В половине пятого, хрустя целлофаном, укрывающим безобразные высокомерные розы, мы сидим на скамейке в сквере, и я начинаю сомневаться в правильности того, что затеваю. По аллее идут женщины, я устала угадывать, она это или не она, кореец откровенно зевает и посматривает на часы, и, конечно, мы совсем не обратили внимания на подъехавшую с мигалкой “Скорую”. Кореец увидел ее первым и ткнул меня в бок локтем.
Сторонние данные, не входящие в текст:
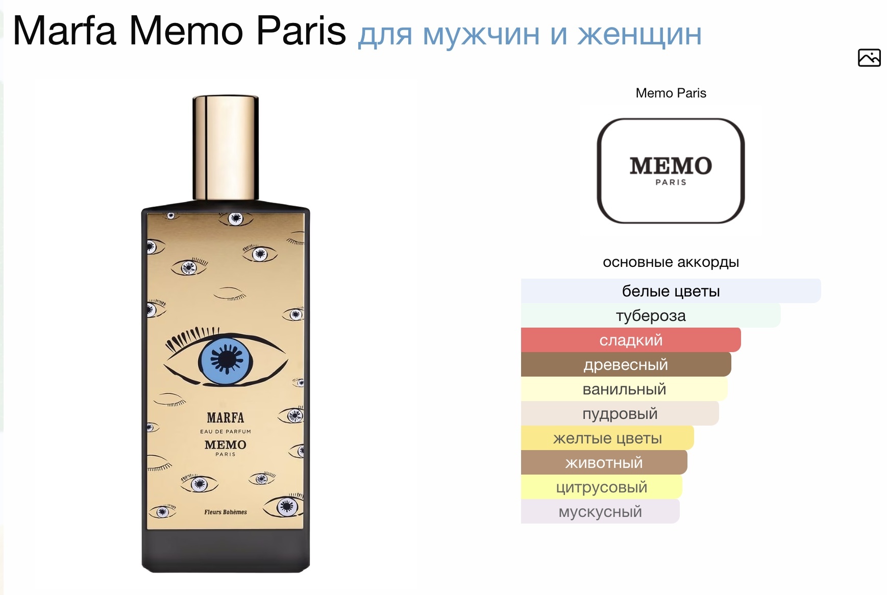 Marfa Memo Paris — это аромат для мужчин и женщин, он принадлежит к группе цветочные древесно-мускусные.
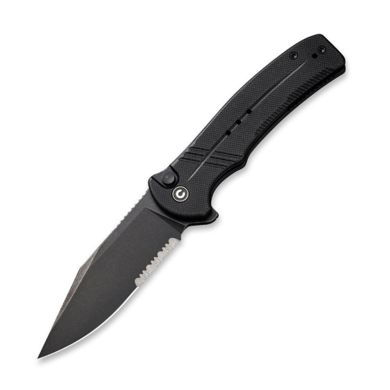 Головна особливість ножа — комбіноване заточування. Зона з прямим лезом ідеальна для рівних надрізів, а зубчаста кромка полегшує роботу з мотузками, деревиною та іншими волокнистими матеріалами. Гострий кінчик підвищує функціональність, що дозволяє працювати інструментом на укол.

Рита Мазарина бежала к нам от машины, сквозь полы ее пальто белел халат, она оказалась небольшого роста, с узкими, изящными ладошками, почти без косметики на возбужденно-радостном лице, с глазами, заблудившимися на лице корейца с таким восхищением, что он удивленно покосился на меня. Я подмигнула.
— Вам… уже… лучше?.. — выдохнула Рита. Теперь я толкнула корейца, и розы торжественно закрыли ее заалевшее лицо, и я подумала, что для сестры братьев Мазарини она слишком хороша собой, но тут заметила стрелку на ее чулке — от носка туфли вверх — и раздосадованно предложила пойти куда-нибудь посидеть.
— Ой, нет, — испугалась медсестра, — я не одета, я после дежурства!..
— Тогда поехали к нам пить чай с конфетами, — я потрясла коробкой и подумала, что все происходит слишком быстро и становится скучно.
— А давайте я вас приглашу в наше кафе. Здесь недалеко, кофе варят отличный, и обстановка без претензий.
Что это такое — без претензий, мы с отчимом поняли только на месте. Из сидящих в зале за столиками посетителей больше половины были в белых халатах, пальто вешали на вешалки у каждого стола, чтобы подошла официантка, громко кричали “Тоня!”, но кофе в большом кофейнике оказался ничего себе, и я открыла коробку с конфетами.
Прислушиваясь к разговорам рядом, я наблюдала за корейцем и с удивлением отметила его растерянность. Он, бедный, так привык ухаживать, убеждать, завоевывать, доказывать свою неотразимость и уникальность, что просто опешил перед искренним восторгом уже заранее на все готовой Риты Мазариной.
Тогда я подумала, что счастливые соседи семьи Мазарини никогда не узнают, что это такое — симфонический джаз в два часа ночи.
И ошиблась. Рита Мазарина с братьями не жила, но в тот субботний вечер, когда кореец галантно открыл перед ней дверцу своей машины, она попросила подвезти ее как раз к братьям. Мы, конечно, не знали, что два часа спустя она, красная и злая, хлопнула дверью подъезда на Кутузовском и уехала к себе в общежитие медиков на автобусе. Через два дня мой отчим подъехал по этому адресу ночью, в два сорок, со сводным оркестром похоронного и свадебного джаза.